Politic?

This is a blog dedicated to a personal interpretation of political news of the day. I attempt to be as knowledgeable as possible before commenting and committing my thoughts to a day's communication.

Monday, September 11, 2017

Rebuilding Juchitan, Mexico

"We have to work so that we're not overcome with sadness."
"Were not going to wait for the government to do what it has to do."
Maria de Lourdes Quintana Lopez, Juchitan, Mexico
Relatives and colleagues of 38-year-old local earthquake victim, policeman Juan Jimenez Regalado, weep on his coffin during his funeral in Juchitan, Oaxaca state, Mexico, Sunday Sept. 10, 2017 Felix Marquez/AP

While government cargo planes fly supplies and troops into what is left of Juchitan, where 37 people lost their lives in the powerful earthquake's paroxysm of earth-moving violence, people continue to sleep in the outdoors, anticipating more collapsed buildings while strong aftershocks are ongoing in the wake of the 8.1 Richter-scale main tremblor on Thursday. One of the aftershocks had a magnitude of 5.2 on Sunday, sufficiently alarming to convince rescue workers to take a break for safety.

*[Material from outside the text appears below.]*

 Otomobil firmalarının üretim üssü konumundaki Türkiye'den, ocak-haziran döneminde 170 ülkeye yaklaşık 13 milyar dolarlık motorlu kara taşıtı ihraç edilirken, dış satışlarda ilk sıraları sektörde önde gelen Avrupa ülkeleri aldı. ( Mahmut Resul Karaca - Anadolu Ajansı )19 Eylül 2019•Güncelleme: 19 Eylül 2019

According to local officials, almost 800 aftershocks of various strengths have followed Thursday's surprise earthquake, with the U.S. Geological Survey counting close to 60 of those aftershocks having a magnitude of 4.5 or more. Soldiers and federal police made their way carrying shovels and  sledgehammers across neighbourhoods in hard-hit Juchitan to demolish damaged buildings, while dump trucks haul off tons of rubble.

But as Ms. Lopez said in miserable frustration she had no patience to wait for government to assist, herself looking after the demolition work involved in her family candy business' warehouse.

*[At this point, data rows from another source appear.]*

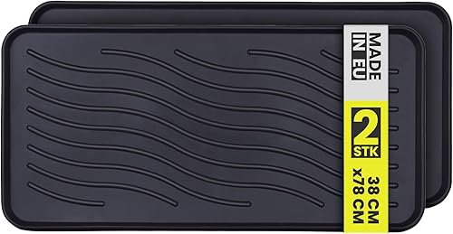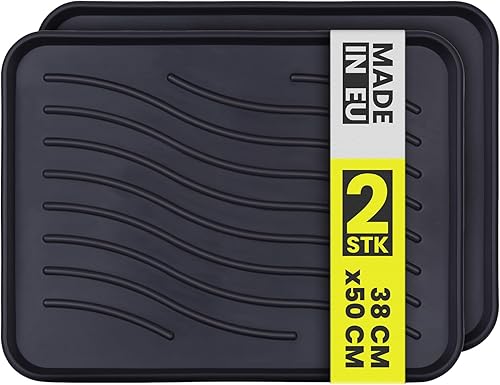 Bestlivings Lot de 2 bacs à chaussures (38 x 38 x 2,5 cm) - Avec bord haut - Tapis d'égouttement - Tapis de chaussures pour la maison et le jardin - Imperméable
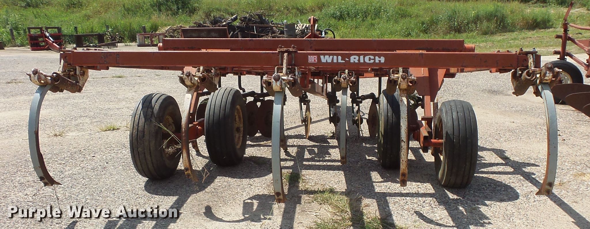Purple Wave is selling a used Field Cultivator or Sweep Plow in Minnesota. This item is a Wil-Rich field cultivator with the following: 10'W, (9) 1.5"W sweeps, 9" spacing, Hydraulic lift, Walking tandem axle, 11L-15 tires, (2) additional shanks
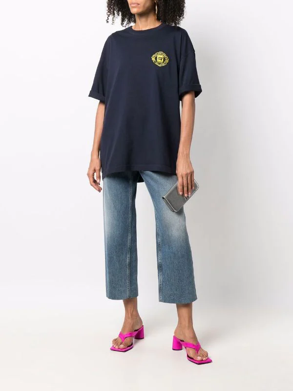 Encolure ronde, logo brodé sur la poitrine, effet d’épaules descendues, manches courtes, ourlet droit. Matière : coton.

The 8.1 magnitude earthquake caused so many deaths the resulting funeral processions are causing traffic pile-ups, as they converge on the city's cemeteries where scenes of mourning and desperation are repeated endlessly. Jichitan saw a third of its houses collapse and those that haven't are now uninhabitable. The general hospital on the outskirts of Juchitan removed to a temporary site, a school gymnasium, when the earthquake left the hospital building uninhabitable.

Chaos resulted when the earthquake struck and the staff had to move patients outdoors from the single-storey hospital, transferring most of the patients requiring special care on to other facilities. Mexican President Enrique Pena Nieto has responded to the calamity by assuring those so horribly affected that the government will commit to aiding in the rebuilding of their city.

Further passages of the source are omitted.